消費者の要求を徹底的に検証し、ニーズを満たすことは自動車開発のみならず、すべての工業製品にとって重要なことだろう。しかしあまりにも消費者のいうことを聞きすぎて、結果として失敗してしまったクルマもある。
やはり名車には消費者の想いを汲むこと、そして取捨選択を決断するような開発者の強いリーダシップが必要なのだろう。と、いうことで今回は消費者のいうことを聞きすぎて失敗してしまったクルマを紹介しよう。
文:渡辺陽一郎/写真:ベストカー編集部
■ユーザーの不満を聞いたら魅力が消えたクルマがある!?
「お客様は神様です」という言葉がある。「お客様を神様のように大切に考える」という意味なら、すべての商売に当てはまるだろう。しかし「お客様は神様だから、必ず言うことを聞く」と解釈すれば間違いも生じる。
1994年に発売された2代目セフィーロは、運転席エアバッグを全車に標準装着しながら、4輪ABSはオプションだった。
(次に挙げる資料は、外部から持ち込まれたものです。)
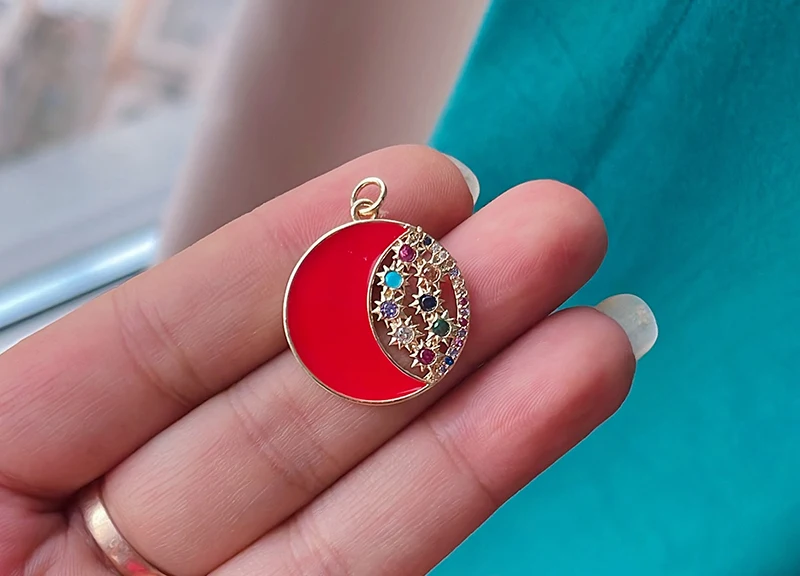 Home > Sun Moon Star Celestial Charm Pendant,Real Gold Plated Cubic Zirconia CZ Paved,Jewelry Necklace Bracelet Accessories Supply M17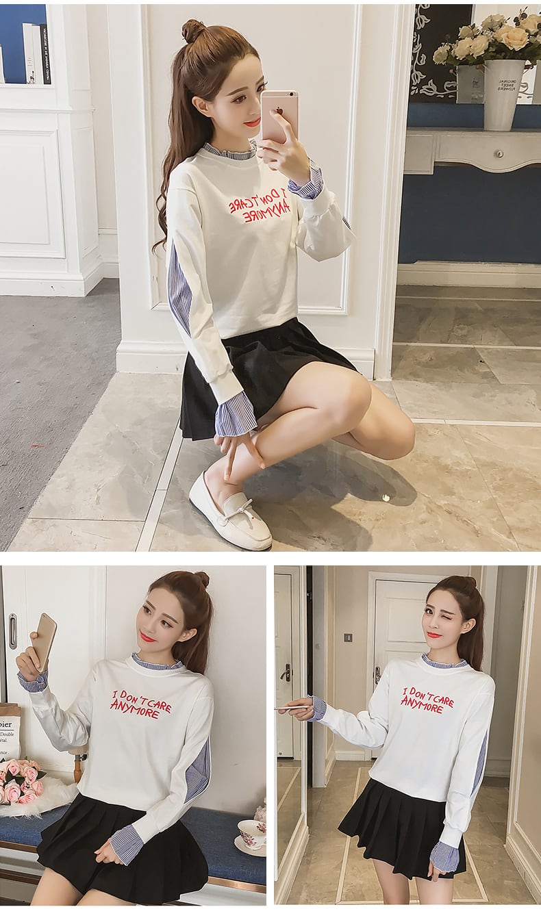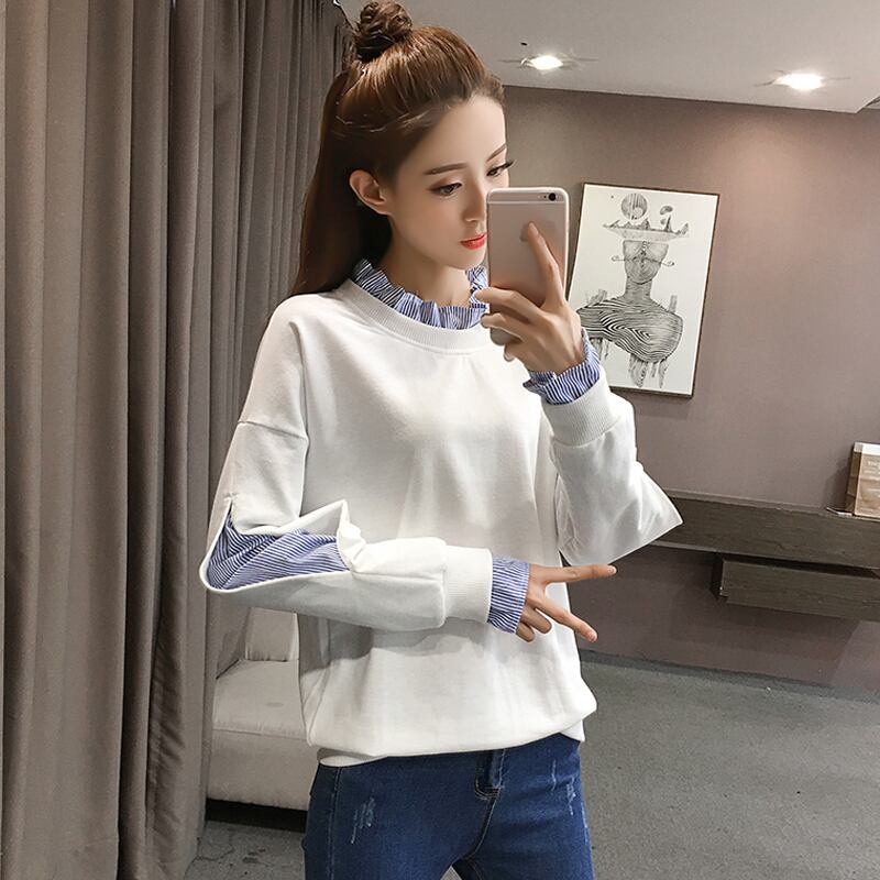 トレーナーにストライプのフリルがドッキングしたトップスです♪肘にはスリットが入って動くたびに可愛さが溢れるデザイン♪一枚でコーデのアクセントにもなり、丁度良い丈感でスカートにもパンツにも合わせやすいアイテムです☆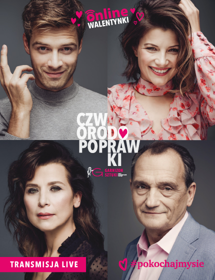 CZWORO DO POPRAWKI to komediodramat o tym, że zawsze jest szansa, by na nowo zakochać się we własnej żonie albo we własnym mężu. W spektaklu występuje plejada znakomitych aktorów: Katarzyna Herman, Piotr Machalica, Agnieszka Sienkiewicz/Joanna Osyda i Marcin Korcz.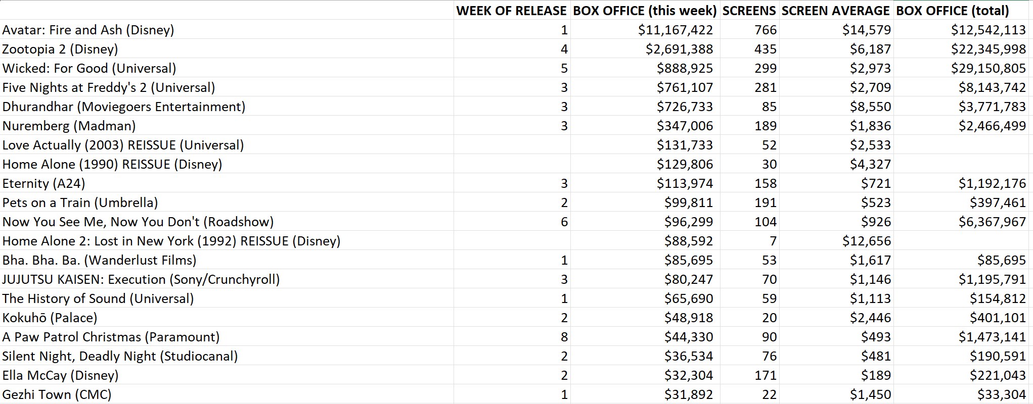 Apart from that – James Cameron’s Avatar: Fire and Ash dominated cinemas this weekend, and Wicked: For Good looks like it won’t earn as much as the first film!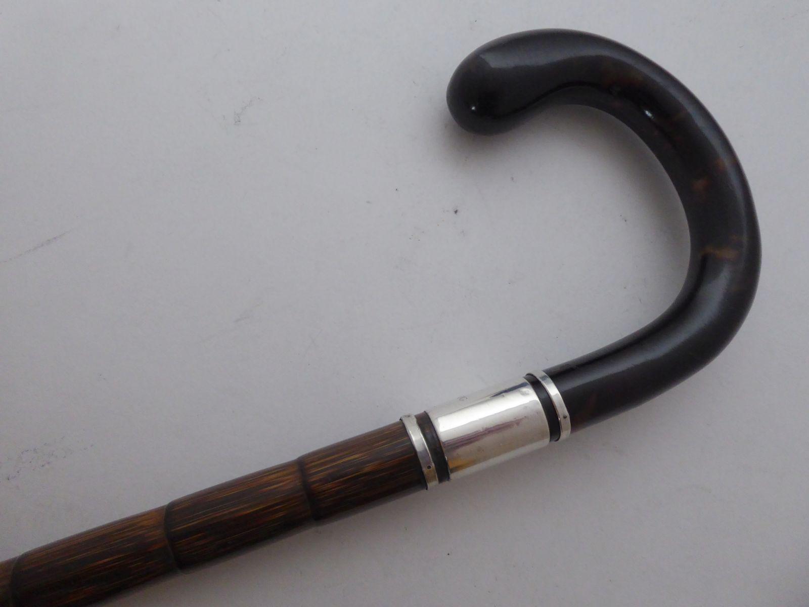1912 Tortoise Shell Partridge Wood Hallmarked Solid Silver Walking Stick Cane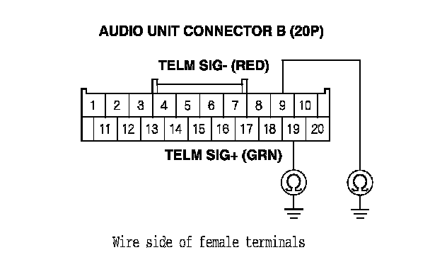 11. Check for continuity between body ground and audio unit connector B (20P) terminals No. 9 and No. 19 individually.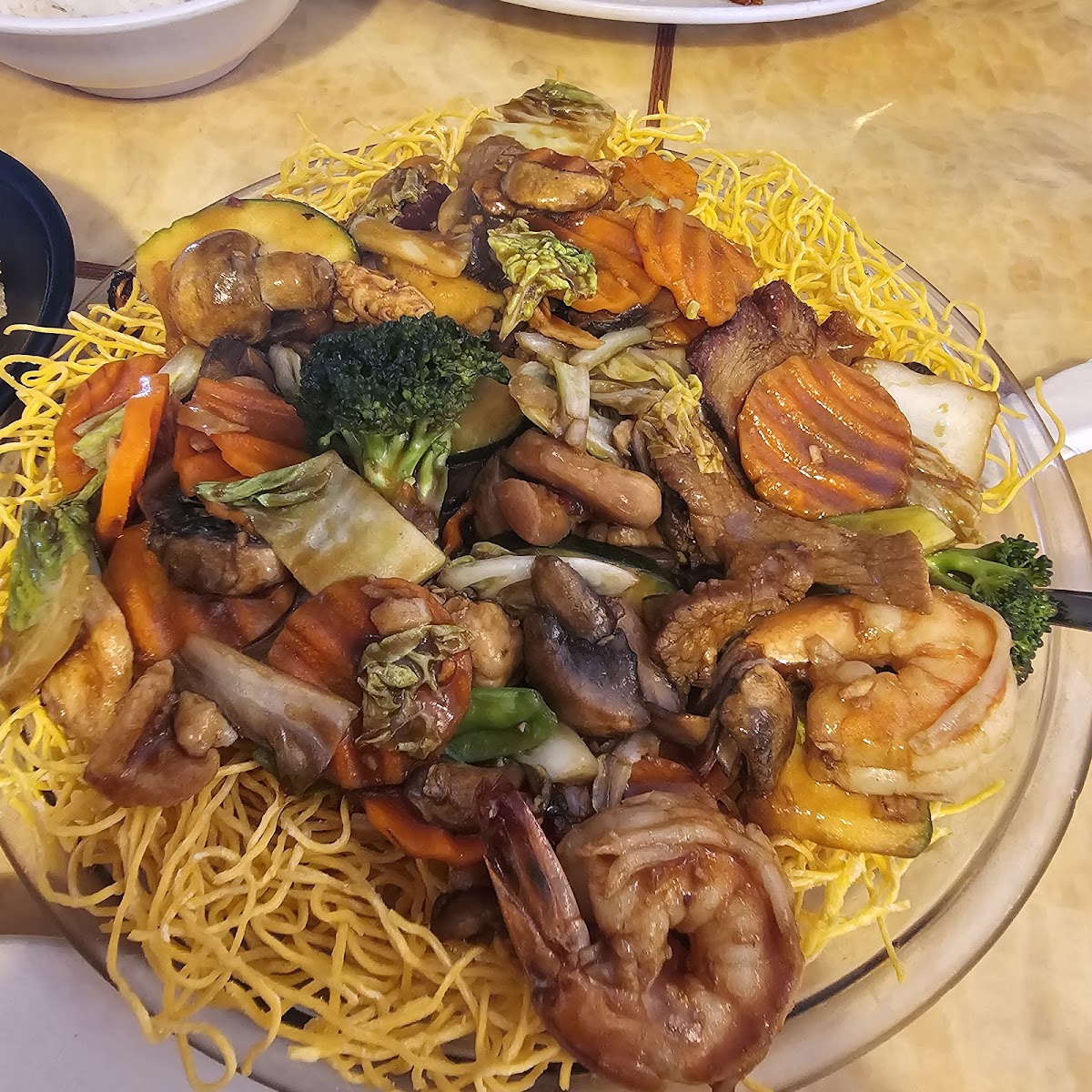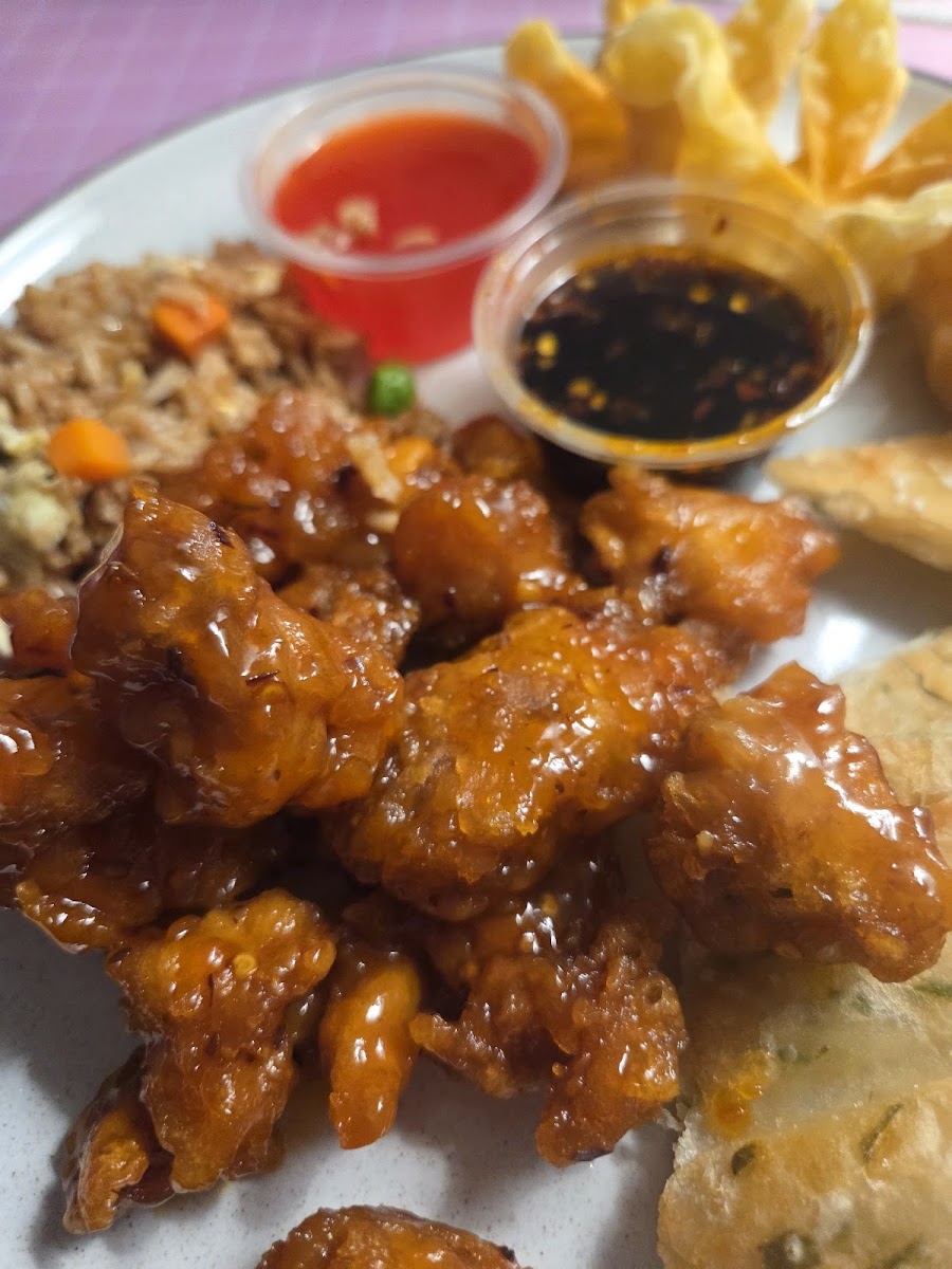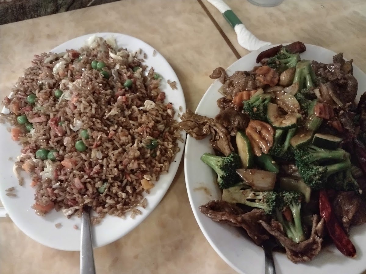 I am not the American Chinese Food expert, barely an amateur. This is only my second experience ever with Chinese food in El Paso. I speak only for my palate. I had the Sweet and Sour chicken and the Sesame chicken with fried rice. It didn't blow me away, it wasn't the best I have ever had, but until I find something better, I shall return because it was good. I do give 5 stars for portion size and the price. I am a big guy and it was more than enough! The décor is nothing extravagant but it seems to be clean. We had good prompt service for our visit on a Wednesday evening with a small crowd. I don't think they had fountain beverages since the Sprite we received was in a can. I recommend giving them a try. (Images have my order and Chow mien and beef entrée.)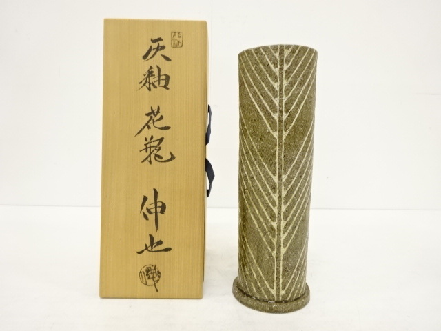 加藤伸也造 灰釉 花瓶 (IAB1DHP-022)

重要なのは事故を未然に防ぐことだから、エアバッグよりも4輪ABSを優先して装着すべきだ。
作動頻度も4輪ABSが圧倒的に多い。それなのにエアバッグを優先させた理由を開発責任者に尋ねると「装備の優先順位にはいろいろな考えがあるが、お客様が欲しがるのは4輪ABSよりもエアバッグだ」と返答された。
当時のTV・CMでは、衝突時にエアバッグが風船のように膨らんで乗員を受け止めるスローモーション映像が多く使われ、大半の視聴者が爆発に相当する激しい作動を誤解していた。
また4輪ABSは仕組みが分かりにくく、エアバッグを欲しがっても無理はなかった。
快適装備であれば、ユーザーが欲しがる装備を素直に充実させれば良い。ところが安全装備は乗員の生死に影響を与える。クルマ造りのプロとして、開発者の考えを優先してこそ「お客様は神様」の考え方に基づく。
しかし2代目セフィーロはそれを怠った。エアバッグの標準装着も人気を高めて販売面では成功したが、安全をめぐるプロの仕事は中途半端であった。
■「不満はないか」と聞くと、人は欠点を探す
1995年に発売された2代目インスパイアがそれだ。
初代インスパイア(アコードインスパイア)は、1989年に発売された4ドアハードトップでヒット作になった。全高を1355mmと低く抑え、発売時点では直列5気筒2Lエンジンを縦置きに搭載した。
前輪駆動でもボンネットが長く、5ナンバー車でありながら3ナンバー車のような存在感が伴ってカッコ良かった。
それでも顧客に意見を求めると「天井が低いために車内も狭く、ファミリーカーとしては使いにくい」という。
そこで1995年に発売された2代目は、全幅を1785mmに広げて3ナンバー車になり、全高は50mm持ち上げて居住空間を広げた。「後席が狭い」という批判は聞かれなくなったが、売れ行きは急降下した。
理由は「神様」の声を聞いて車内を広げた代わりに、外観のカッコ良さが薄れたからだ。カッコ良さはインスパイアにとって最も大切な魅力だったから、車内を広げても販売面では失敗に終わった。
広くて快適なLサイズセダンは、ほかにもたくさんあるから、インスパイアがそれを真似る必要はなかった。この件に限らず、ユーザーに「不満はないか」と尋ねれば、欠点を探してそれに返答する。
改善するのは良いことだが、改善したことで従来からの魅力を損なうと販売に悪影響を与えてしまう。